T.S. Eliot in Little Gidding gets at this sense of what I want to say about Wyeth's paintings in far fewer words:

We shall not cease from exploration
And the end of all our exploring
Will be to arrive where we started
And know the place for the first time.
When the last of earth left to discover
Is that which was the beginning
I am quoting and offering artwork, because trying to talk about moving and making a new life in a place that is not Alaska is something that defies words for me.  I miss the sense of home that illuminates Wyeth's paintings, and while waking up in Seattle no longer causes me to feel like I've just lost everything I love, I still do not feel like I belong. Not really.  I'm making friends.  I have course work I find meaningful.  But I do not have the knowledge of place that tells me the names of the plants I see when I walk in the woods, or where to buy kaffir lime leaves (not that I need kaffir lime leaves right now, but I can easily think of three or four places to buy them in Anchorage). 


But why should I expect Seattle to feel as comfortable as Anchorage? It took me the better part of twenty years to grow into that local knowledge.  But I don't want to wait.  I want to feel at home now or at least not be wedded to google maps for finding anything outside of the Hill and a small section of downtown.

Meanwhile, I have a pot of daal simmering on the stove, and bagels rising slowly in the fridge.  I am trying to bring the kind of attention to my surroundings that Wyeth brought to the environs of the farm he lovingly painted for most of the twentieth century. It's not a bad life, but I miss the smell of the birch forests in September and the sharp feel of the air just before it snows.

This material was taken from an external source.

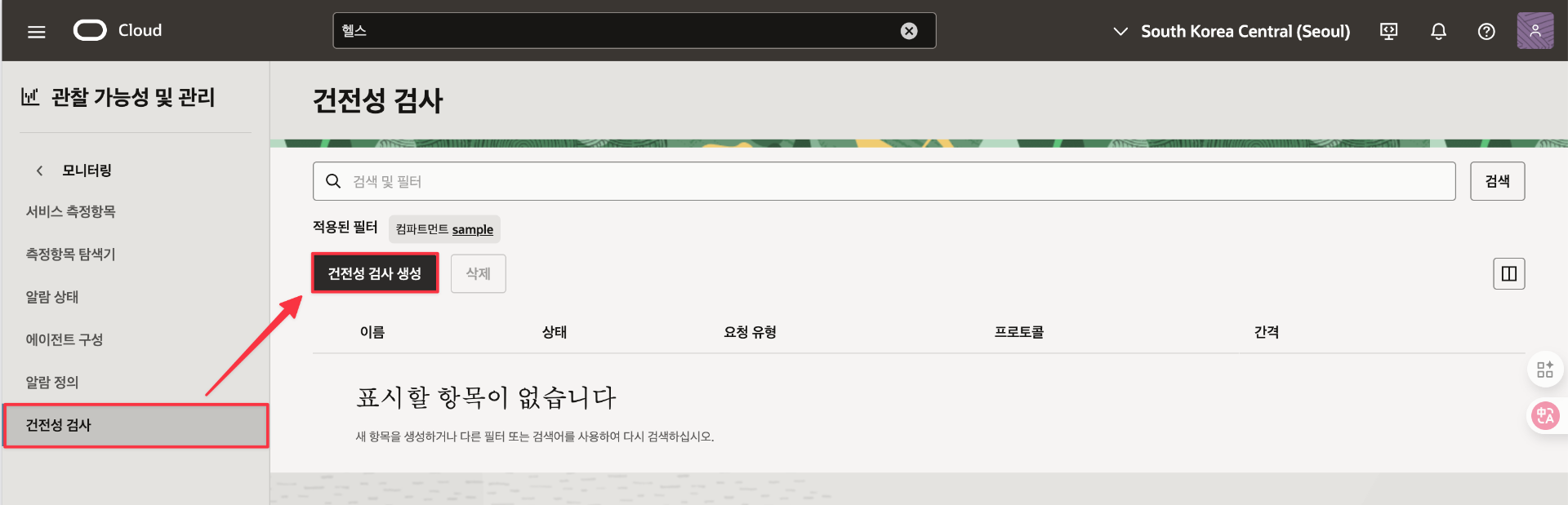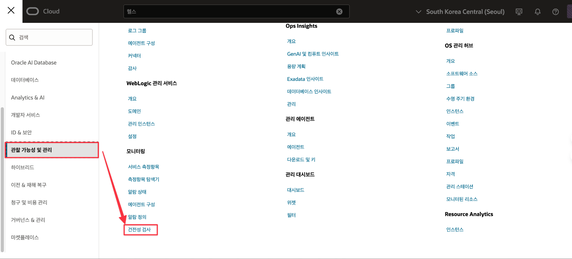 “관찰 가능성 및 관리->모니터링-> 건정성 검사” 클릭하여 이동 합니다.

Monday, September 26, 2011

While I'm ruminating

A thoughtful cow, presumably ruminating. Found here 

I am ruminating on place, connection, community, and other allied topics.  Ruminant as a cow, that's me.  I am also being deeply thankful that I froze all those leftovers last spring.  Coming back from Anchorage has left me with a bad case of not wanting to cook, even though I have kale.  (Which will probably soon be a big pot of kale and potato soup, because it's disappearing from the freezer fast.)

Meanwhile, have a link to a plum cake.  I want an excess of plums so I have an excuse for a plum cake.